Stochastic Gradient Langevin Dynamics (SGLD)1 tweaks the Stochastic Gradient Descent machinery into an MCMC sampler by adding random noise. The idea is to use Langevin Dynamics, as the proposal distribution for an MCMC sampler for efficient exploration of the state space. i.e., it treats the optimisation trajectory as an MCMC chain.


Preliminaries/Motivation

  • Gradient Descent gives us the mode (point estimate) of the MAP estimation for the parameters $\theta$ of a model, given data $X$. $\theta_{MAP} = argmax_{\theta} p(\theta | X)$. The problem with this $\theta_{MAP}$ estimate, is that we do not have any information about what the posterior distribution, $p(\theta|X)$ looks like. i.e. we have no way to account for the uncertainty in the parameters $\theta$.

  • Markov Chain Monte-Carlo (MCMC) is a class of methods to approximate a complicated posterior distribution. The algorithms work by constructing a Markov Chain with particular properties, where the stationary distribution is the target posterior distribution. This means, if we take transition steps in the state space according to the MCMC algorithm, we eventually converge towards the posterior distribution.

  • Bayesian Deep Learning is a class of methods which gives us a distribution over the parameters. This is hard because the posterior distribution is very high-dimensional and complex. In the context of Neural Network parameter optimisation, a particular configuration of the NN parameters $\theta$ corresponds to a state in the entire space of possible nn parameters configurations. That’s an incredibly large state space! Computationally, our existing MCMC tools cannot efficiently explore the high dimensional space of parameters (low mixing rate of the Markov Chain). The key to practical optimisation is the algorithm by which we transition, as this determines how we explore the state space.


Background on Langevin Dynamics

The Langevin equation, is a stochastic differential equation describing how a system evolves when subject to a combination (expressed as a sum) of deterministic and random forces. The equation originally described the dynamics of particles in fluid.

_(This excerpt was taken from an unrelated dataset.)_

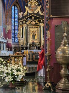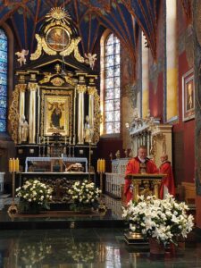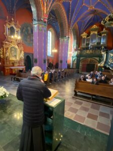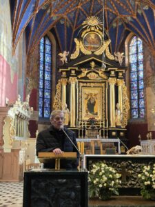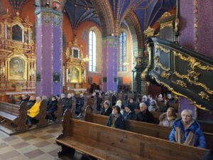 22 listopada 2025 przy pięknej słonecznej pogodzie wyruszyła z Domu Parafialnego ostatnia dziesiąta parafialna „Pielgrzymka Nadziei”. Pielgrzymi po krótkiej modlitwie pieszo udali się do Sanktuarium Matki Pięknej Miłości (Parafia Katedralna pw. św. Marcina i św. Mikołaja w Bydgoszczy) aby uzyskać dar odpustu zupełnego i wypraszać łaski dla siebie i swoich bliskich. W czasie drogi pielgrzymi odmówili Różaniec św. W katedrze pielgrzymów przywitał kustosz i proboszcz parafii katedralnej ks. infułat Stanisław Kotowski. Ks. Stanisław przypomniał obecnym, że umieszczony w ołtarzu głównym Obraz Matki Bożej Pięknej Miłości pochodzi z 1467 roku i został tak nazwany przez bł. Stefana kardynała Wyszyńskiego podczas koronacji obrazu w 1966 roku. Wcześniej obraz nazywano Matką Boską Bydgoską lub Matką Bożą z różą w ręku. Następnie został odmówiony Różaniec św. w intencjach, które przynieśli z sobą pielgrzymi. Mszę św. koncelebrowaną sprawowali ks. Krzysztof i o. Michał. W homilii o. Michał wspomniał o patronce dnia dzisiejszego św. Cecylii oraz o tym że dzień dzisiejszy i jutrzejszy Uroczystość Chrystusa Króla są ostatnimi w obecnym roku liturgicznym. Nawiązując do dzisiejszej Ewangelii w której saduceusze pytali Pana Jezusa o życie wieczne zapytał jakie my mamy wyobrażenie o niebie gdyż będziemy równi z aniołami i dziećmi Bożymi. Wspólne pielgrzymowanie niech wyda obfite owoce dla każdego pielgrzyma i naszej parafii, to słowa ks. Krzysztofa w czasie spotkania na plebanii parafii katedralnej. Błogosławieństwem ks. Krzysztofa zakończyło się ostatnie spotkanie i poczęstunek pielgrzymów. Bydgoska katedra była ostatnim kościołem pielgrzymowania w Roku Jubileuszowym. Składamy serdecznie podziękowania ks. Krzysztofowi za przewodnictwo we wszystkich pielgrzymkach do dziesięciu Kościołów Jubileuszowych Diecezji Bydgoskiej, sprawowaną Eucharystię i wygłaszane Słowo Boże. Również podziękowania należą się Joannie za logistyczne przygotowanie wszystkich pielgrzymek oraz tym wszystkim, którzy w jakikolwiek sposób przyczynili się do tego aby godnie przeżyć wspólny czas pielgrzymowania, nie tylko ten duchowy, ale również cielesny za niesienie krzyża, flagi parafii podczas pieszych pielgrzymek, posługę, czytania, śpiewy psalmów responsoryjnych w czasie sprawowanych Eucharystii, przygotowanie poczęstunków, które czekały na pielgrzymów we wszystkich nawiedzanych miejscach. Bóg zapłać. Pielgrzymi którzy posiadają wypełniony wszystkimi pieczątkami Paszport Pielgrzyma i jeszcze tego nie zgłosiły przedstawią paszport w biurze parafialnym. Na zakończenie Roku Świętego ordynariusz diecezji bydgoskiej ks. bp Krzysztof Włodarczyk uhonoruje osoby, które odwiedzą wszystkie z 10 Jubileuszowych kościołów „Certyfikatem Pielgrzyma”.

The change in particle momentum $dP_t$ at time $t$ in a system is given by:

\begin{equation} dP_t = \alpha P_t dt - \nabla U(x_t)dt + \sigma(x_t)dB_t \end{equation}

  • $\alpha P_t dt$ represents the inertia, where $\alpha$ is a constant coefficient related to the mass of the particle.
  • $-\nabla U$ is a global force from the particle interaction potentials which describes the evolution of the whole system. In statistical mechanics, $U$ could be like an energy function which the system will try to minimise.
  • $\sigma(x_t)dB_t$ is a noise term representing the effect of particle collisions, where $(B_t)_{t\geq 0}$ denotes the standard Brownian motion, and $dB_t$ are increments of the Brownian motion. Note that the effect of collisions is time dependent via $\sigma(x_t)$.

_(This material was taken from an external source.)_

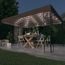 L'auvent ventile empechera le soleil et la pluie de gacher le plaisir lors des reunions de famille, des barbecues, des pique-niques de l'apres-midi et des fetes d'anniversaire. La tente de fete a une construction en acier robuste avec des details carres decoratifs et un toit en polyester. L'auvent a des coins renforces et des attaches auto-agrippantes avec lesquelles il se fixe facilement au cadre de la tonnelle. De plus, la guirlande lumineuse cree une ambiance chaleureuse dans votre jardin lorsque le soleil se couche. Les lumieres n'apportent aucune pollution a l'environnement car elles sont chargees par l'energie solaire pendant la journee.

For simplicity, we do not consider the inertia term, $\alpha P_t dt$, which gives us the overdamped Langevin equation for all particles $X$ of the system. \begin{equation} dX_t = - \nabla U(X_t)dt + \sigma(X_t)dB_t \end{equation}


Why Langevin Dynamics can be used as the stationary distribution in MCMC

The distribution of the diffusion of $X_t$ converges to a Gibbs/Boltzman distribution $\pi(dX) \propto exp(-T(U(X))$,2 which concentrates it’s mode on the global minimum of $U(X)$, and sampling from that distribution of $U(X)$ is a similar task as minimising $U$.3 Therefore, in the context of model optimisation of parameters $\theta$, we can simply assign $U$ to be a loss function $\mathcal{L}$ (assume temperature $T=1$) of $\theta$ with respect to the data $Y$, and simplify $\sigma(\theta_t)$ to just $\sigma$.

\begin{equation} d(\theta_t) = -\nabla \mathcal{L}(\theta_t, Y)d_t + \sigma dB_t \end{equation}

where sampling with Langevin Dynamics as the proposal distribution converges to the posterior distribution which is consistent with our model’s learning objectives.


Steps towards a computationally efficient algorithm

1. Discretising the Langevin Equation

In order to transition along the state space, we need to discretise the continuous time process. The Euler method approximates $d(\theta_t)$ with the finite difference between $\theta_{t+1}-\theta_t$, and $dB_t$ is discretised by the Wiener process, $\epsilon_t - \epsilon_s \sim \mathcal{N}(0, t-s)$.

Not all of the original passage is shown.